I was unable to reach Spartacus online yesterday from Europe, too. So, the site seems to be really down at this time.
The 'old', printed, relatively expensive and somewhat massive Spartacus used to list places like parks, train stations and college libraries tearooms, etc., too. Originally, were trying to provide the best and most accurate and complete information to their public. And, indeed, they were also trying to be as global as possible. Hence, they so heavily depended on the informal network of volunteers and correspondents to provide them with accurate and timely information.
The onset of massive, almost universal use of the www. spelled the end of Spartacus/Damron as being the only trusted and available sources of relevant cruising venue information.
Soon enough, local LGBT sites started providing specific and relevant, at times even frequently updated local information on the cruising venues in their respective towns and regions.
Spartacus lived well off the increasing revenue generated by the ads various commercial gay venues were placing with them. The non-commercial cruising information was naturally receiving less and less prominence. Its accuracy ceased to be anyone's concern.
I went through a printed edition of Spartacus few years ago. It really felt like holding a fossil in your hands. Information provided was useful, i.e., legal standing, age of consent, etc.. The rest of it was nothing else but an expensive Gay Yellow Pages of the world. Not that anything should be wrong with the world having its Gay Yellow Pages...

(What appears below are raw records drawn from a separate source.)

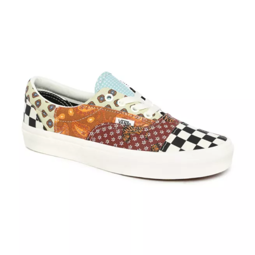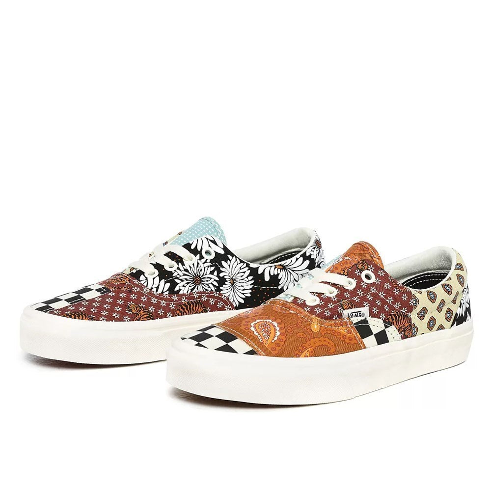 The Vans Era Tiger Patchwork reimagines a skate classic with bold, creative energy. This design combines tiger stripes, checkerboard prints, and bandana-inspired motifs in a striking patchwork layout — all balanced on a clean Black/True White foundation. A true standout piece for those who mix heritage and modern streetwear style.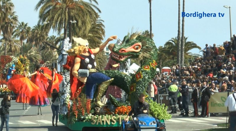 OGGI DOMENICA 12 marzo 2017 sul Lungomare Italo Calvino e Piazzale Carlo Dapporto si è svolta la Manifestazione SANREMOINFIORE 2017 con la Sfilata dei Carri e dei Gruppi Musicali. Il tema TRA SOGNO E REALTA’ ….IL MITO DEI SUPEREROI- è stato realizzato con 12 carri fioriti dai comuni di Golfo Dianese ( Superman), Dolceacqua ( Cal Women), Bordighera ( Uomo Ragno), Riva Ligure (Iron Man), Ospedaletti ( Flash), Isolabona (Wolverine), Taggia ( Batman), Santo Stefano al mare (Thor), Cipressa ( Capitan America), Vallecrosia –Camporosso (Wonder Woman), Ventimiglia ( Super Girl), Seborga ( Hulk).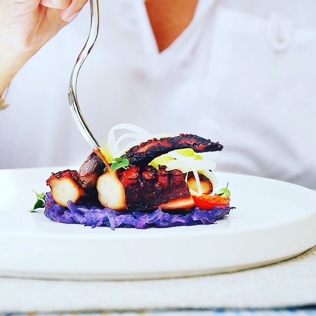 Polpo tre cotture, vellutata di ceci, passion fruit, pomodorini confit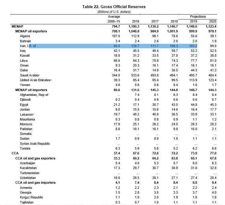 براساس پیشبینی این نهاد بین المللی با وجود تلاشهای آمریکا برای فشار حداکثری به اقتصاد ایران ذخایر ارزی ایران در سال 2019 همچنان بالای 100 میلیارد دلار باقی خواهد ماند و ایران رتبه سوم خود در منطقه را از نظر میزای ذخایر ارزی خود حفظ خواهد کرد.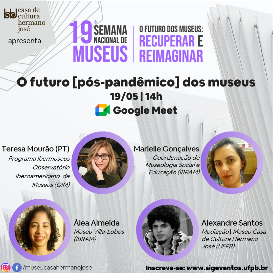 O Museu Casa de Cultura Hermano José (MCCHJ) da Universidade Federal da Paraíba (UFPB) realizará pela primeira vez a sua programação da 19ª Semana Nacional de Museus, evento organizado nacionalmente pelo Instituto Brasileiro de Museus (IBRAM). O evento ocorrerá nos dias 18 e 19 de maio, às 14h, de forma online, por meio da plataforma Google Meet. Este ano, traz como tema gerador “O futuro dos Museus: Recuperar e Reimaginar”. Para ter direito a certificado, os interessados devem se inscrever no Sistema Integrado de Gestão de Eventos (SIGEventos).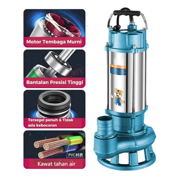 Pompa Celup Air Kotor Bersih WQD68-400W Stainless 1.5inch Pompa Lumpur Pompa Air Tenaga Kuat
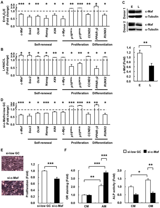 Figure 5: c-Maf is involved in H2O2-induced replicative senescence and adipogenic differentiation bias in hAMSCs. RT-PCR was performed to detect the expression of senescence-related genes, including differentiation-associated genes, cell cycle-associated proteins, and pluripotency markers in A. E- and B. L-hAMSCs treated with or without H2O2 or NAC, respectively. The expression of each gene was normalized against β-actin and the result was presented as fold change compared with the untreated cells C. The expression of c-Maf in E- and L-hAMSCs was detected by western blotting. α-Tubulin was used as internal control. D. RT-PCR was performed to detect the expression of senescence-related genes in E-hAMSCs after RNA silencing of c-Maf by siRNA specific for c-Maf (si-c-Maf) or non-target siRNA (si-low GC). The expression of each gene was normalized against β-actin and the result was presented as fold change compared with si-low GC-treated cells. E. Morphology and in vitro proliferation of si-c-Maf- and si-low GC-E-hAMSCs. F. si-c-Maf- and si-low GC-E-hAMSCs were cultured in CM, AM or OM and measured by OR staining or ALP activity for adipogenesis and osteogenesis, respectively. The staining intensity of si-low GC-E-hAMSCs in CM was set at 1. All data presented are mean values ± SEM from at least three independent experiments. *p < 0.05; **p < 0.01; ***p < 0.001. H2O2, hydrogen peroxide; hAMSCs, human adipose tissue-derived MSCs; RT-PCR, reverse transcription-polymerase chain reaction; E-hAMSCs, early-passage hAMSCs; L-hAMSCs, late-passage hAMSCs; H2O2, hydrogen peroxide; NAC, N-acetyl cysteine; siRNA, small interfering RNA; si-c-Maf, specific knockdown of c-Maf; CM, complete medium; AM, adipogenesis medium; OM, osteogenesis medium; OR, Oil Red O; ALP, alkaline phosphatase.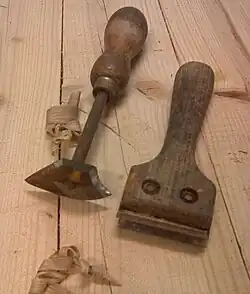 - card scraper (tool consisting of a metal plate with a sharpened edge)
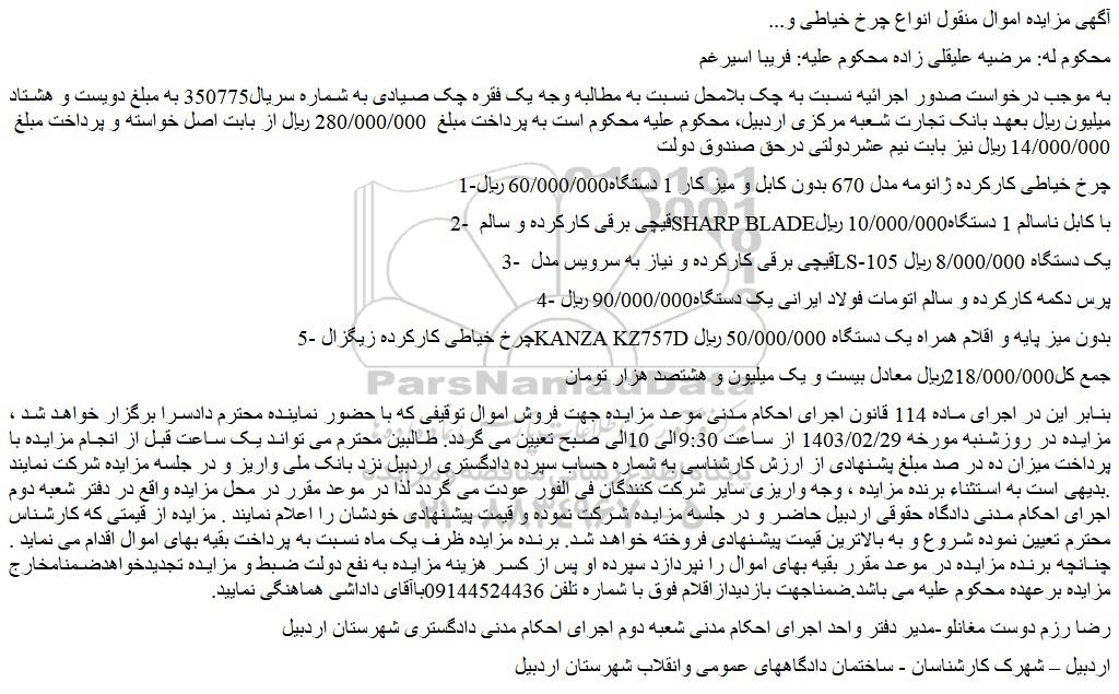 آگهی مزایده اموال منقول انواع چرخ خیاطی و...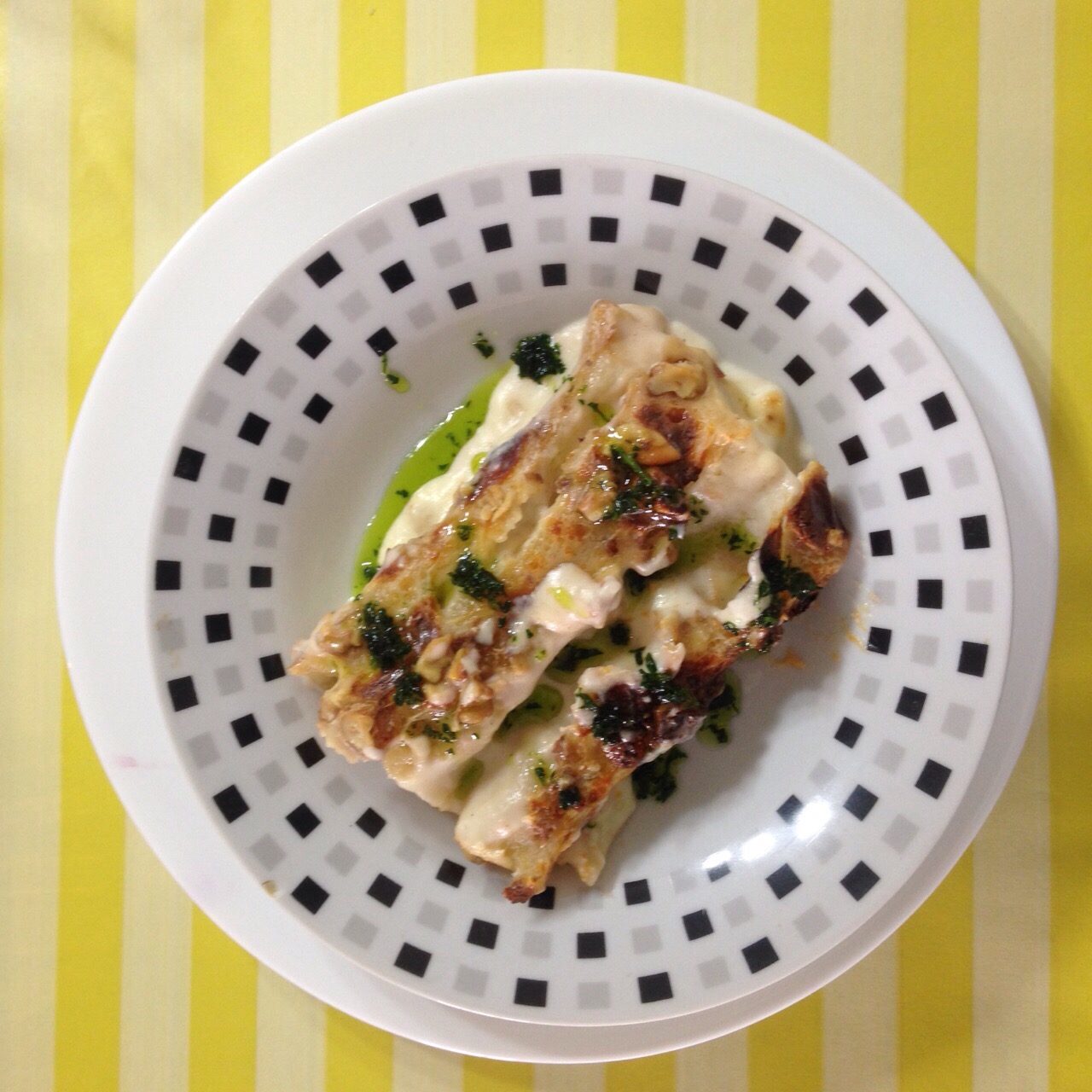 Un puñado de perejil cortado rústicamente, dos cucharadas de mantequilla y un chorro de aceite de oliva. Todo esto cocinar por 5 minutos en un sartén. Poner la mantequilla en la mesa para que cada persona ponga sobre sus canelones. No se van a arrepentir

Now, most of us know Google.com, too. If anyone is traveling to Anycity, Anystate, and wants to know where to go cruising for sex, or drinking in a gay bar or hooking up in the baths, Google will give you as accurate information as you can hope to get. I doubt that too many people will go to Spartacus online (or offline) and pay a fee (or not) to get that information. Why would a number of people needed for a commercial operation to be viable want to do so?
I imagine that the modest advertising revenue may still keep Spartacus and its listings alive for some time to come. Yet, new, far more efficient and far less expensive technologies invariably replace the outdated ones. Hence, the outcome is both known and inevitable.